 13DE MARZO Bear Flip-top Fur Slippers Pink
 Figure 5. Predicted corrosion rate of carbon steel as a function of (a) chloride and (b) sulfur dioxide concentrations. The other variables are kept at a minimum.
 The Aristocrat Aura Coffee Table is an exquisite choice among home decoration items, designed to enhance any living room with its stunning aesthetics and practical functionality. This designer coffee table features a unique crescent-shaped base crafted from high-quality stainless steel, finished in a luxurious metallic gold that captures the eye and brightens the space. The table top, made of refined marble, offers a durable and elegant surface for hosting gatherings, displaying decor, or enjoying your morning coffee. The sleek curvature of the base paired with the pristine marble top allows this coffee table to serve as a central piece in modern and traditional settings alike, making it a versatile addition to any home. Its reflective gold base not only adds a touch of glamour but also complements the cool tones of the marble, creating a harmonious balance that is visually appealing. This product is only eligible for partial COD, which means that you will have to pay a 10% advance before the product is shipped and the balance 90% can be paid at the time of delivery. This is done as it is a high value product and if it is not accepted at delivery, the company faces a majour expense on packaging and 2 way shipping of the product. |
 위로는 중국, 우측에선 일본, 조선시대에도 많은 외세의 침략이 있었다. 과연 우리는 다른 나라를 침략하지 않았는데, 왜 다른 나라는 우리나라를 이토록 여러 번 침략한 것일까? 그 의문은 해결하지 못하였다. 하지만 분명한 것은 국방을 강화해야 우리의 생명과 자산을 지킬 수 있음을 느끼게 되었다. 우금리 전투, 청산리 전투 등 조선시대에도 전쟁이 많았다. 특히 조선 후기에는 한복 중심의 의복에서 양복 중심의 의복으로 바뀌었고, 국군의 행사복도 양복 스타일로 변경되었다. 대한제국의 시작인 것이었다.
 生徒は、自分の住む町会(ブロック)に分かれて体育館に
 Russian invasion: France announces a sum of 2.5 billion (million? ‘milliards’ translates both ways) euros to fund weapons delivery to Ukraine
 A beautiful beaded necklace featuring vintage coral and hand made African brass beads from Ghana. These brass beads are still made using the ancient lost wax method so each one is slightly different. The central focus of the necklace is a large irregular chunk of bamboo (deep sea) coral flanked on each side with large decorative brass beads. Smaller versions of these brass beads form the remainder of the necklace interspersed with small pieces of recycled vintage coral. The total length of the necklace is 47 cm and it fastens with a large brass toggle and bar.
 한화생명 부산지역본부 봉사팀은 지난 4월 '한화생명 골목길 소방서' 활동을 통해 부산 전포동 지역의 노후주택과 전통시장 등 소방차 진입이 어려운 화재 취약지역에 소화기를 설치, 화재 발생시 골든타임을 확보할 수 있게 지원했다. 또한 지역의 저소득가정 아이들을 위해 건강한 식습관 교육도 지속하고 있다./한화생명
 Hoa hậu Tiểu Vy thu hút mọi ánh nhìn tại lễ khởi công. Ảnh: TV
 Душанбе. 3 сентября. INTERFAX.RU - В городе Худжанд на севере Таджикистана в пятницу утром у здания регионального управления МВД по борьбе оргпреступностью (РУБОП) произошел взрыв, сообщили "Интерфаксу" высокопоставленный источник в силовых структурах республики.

____

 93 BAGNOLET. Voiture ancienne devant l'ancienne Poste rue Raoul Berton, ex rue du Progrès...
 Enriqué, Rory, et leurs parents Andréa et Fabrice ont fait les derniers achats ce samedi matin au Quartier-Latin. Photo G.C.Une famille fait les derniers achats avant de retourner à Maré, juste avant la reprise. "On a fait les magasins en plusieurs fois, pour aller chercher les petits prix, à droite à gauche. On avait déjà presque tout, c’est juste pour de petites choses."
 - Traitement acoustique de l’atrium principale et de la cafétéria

____

### Problem to solve
Reproduce exactly the lines of the records above from the one with "13DE MARZO Bear Flip-top Fur Slippers Pink" to the one with "Figure 5. Predicted", both included, and leave out everything else.

### Result
 13DE MARZO Bear Flip-top Fur Slippers Pink
 Figure 5. Predicted corrosion rate of carbon steel as a function of (a) chloride and (b) sulfur dioxide concentrations. The other variables are kept at a minimum.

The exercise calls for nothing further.